As I walked out of the coffee shop, I caught a glimpse of Lana one last time. That was it, I’d done what I could. That slip of paper had but a few words, ones that only she would understand. Now, all I hoped for was that not only did she remember, but she was there. I saw her eyes looking down at the paper, then they looked up to meet my own. I saw but a small, faint smile and simple nod.
“Go back to the Water Fountain.”
. . .
Today was the day, the day this would all be settled. It’s been a month since I met Lana and we went to that old coffee shop, and since Ben showed up. We haven’t spoken since then, so I could only hope she remembered or even wanted to go. I woke up that morning with anxiety, what if she didn’t show? What if this was all for nothing? What if she didn’t accept my feelings? What would happen?

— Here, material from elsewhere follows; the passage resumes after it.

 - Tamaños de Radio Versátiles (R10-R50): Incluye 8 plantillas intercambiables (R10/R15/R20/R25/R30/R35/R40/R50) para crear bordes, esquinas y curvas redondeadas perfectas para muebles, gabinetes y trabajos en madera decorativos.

A light meow pushed my toxic thoughts away, and I smiled as the furball purred, pushing her hand up against my cheek. She was a beautiful mix between a tabby and Maine Coon, and a sweetheart. I got up, took my shower, and got dressed up. Should I dress more casual? Maybe… I don’t want to scare her away. My hand naturally reached for the more… “feminine” clothes I’d wear back in high school.
However, it froze.
“What… What am I doing?” What was I doing? Wasn’t this supposed to be it? Where I’d put that past away for good? Where I was finally, for the first time in my entire life, going to be myself? I was going to confess for fucks sake. Beth meowed, rubbing my leg, and I smiled. Reaching down to pat her head, I sighed.

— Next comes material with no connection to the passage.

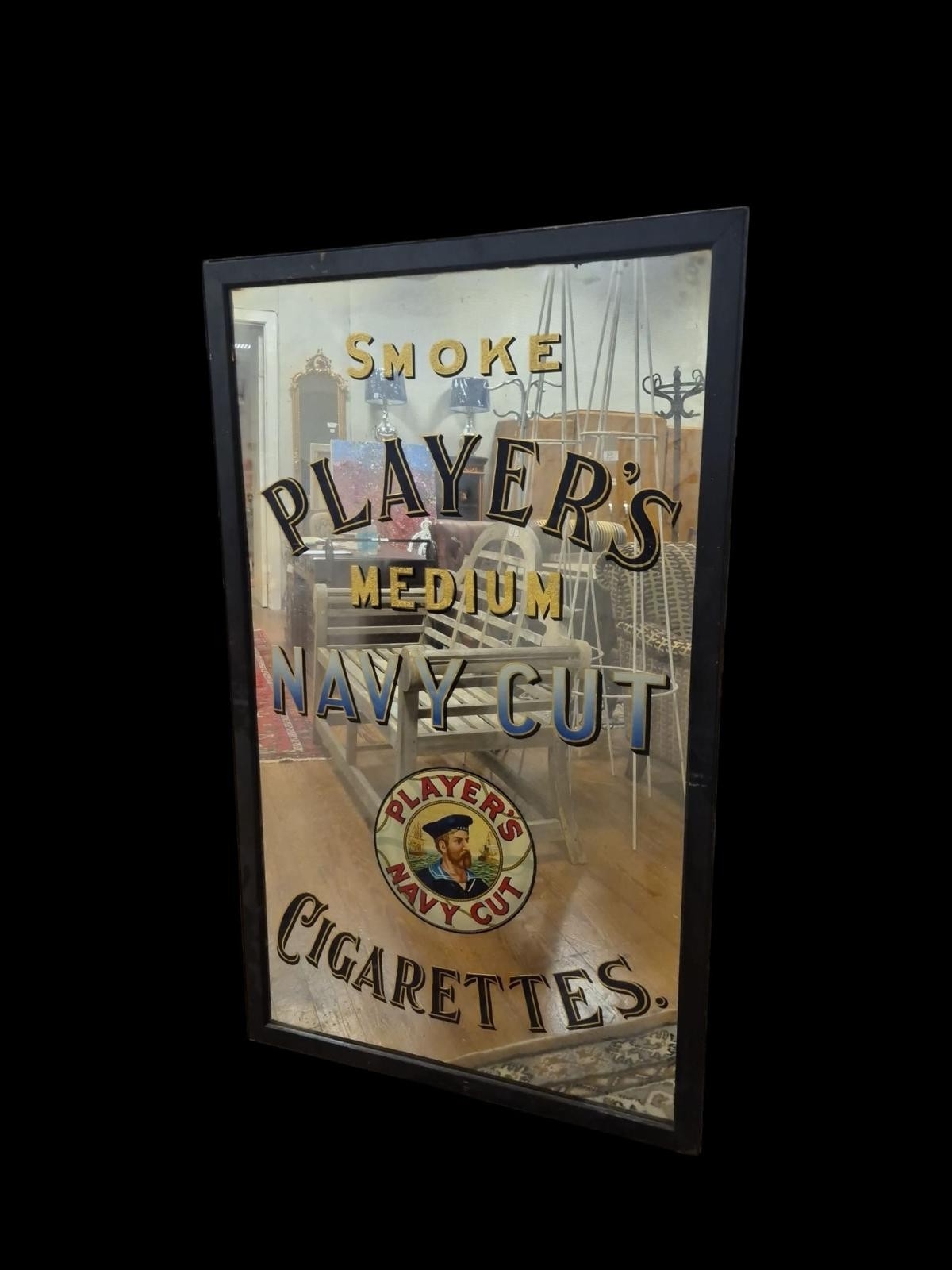A VINTAGE PLAYER'S ADVERTISEMENT MIRROR inscribed 'Smoke Player's Medium Navy Cut Cigarettes' In ebonised frame 153cm (h) x 92cm (w)

“You’re right…” Now, my hand went to my favorite bit of the closet. I dressed myself in a white button up with a light brown vest that I bought because it reminded me of Lana’s eyes… Black pants, sneakers. Once I was ready, I took one final look in the mirror. This was it, this was the moment, and I was ready for whatever would come of it. Checking the time, I saw it was nearly time to meet her.
After taking one last deep breath, I pat Beth’s head and smile. “I’ll be home soon.”

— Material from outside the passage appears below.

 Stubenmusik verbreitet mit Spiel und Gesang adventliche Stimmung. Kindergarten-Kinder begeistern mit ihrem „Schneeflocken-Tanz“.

I wasn’t going to head straight there, but rather, I wanted to reminisce a bit in old memories. I walked around this town, looking around at all the different stores, cafes, and restaurants.
The donut shop. Lana and I would go there once school ended back in our middle school days. I remember that she always ordered but a simple chocolate donut with sprinkles, she always was a kid at heart.
The arcade. We’d gone there so many times during the summers and spring breaks. We used to play the crane machine a lot-- She sucked at it, but I got to be a pro at it, so I could win her the stuffed animal she wanted.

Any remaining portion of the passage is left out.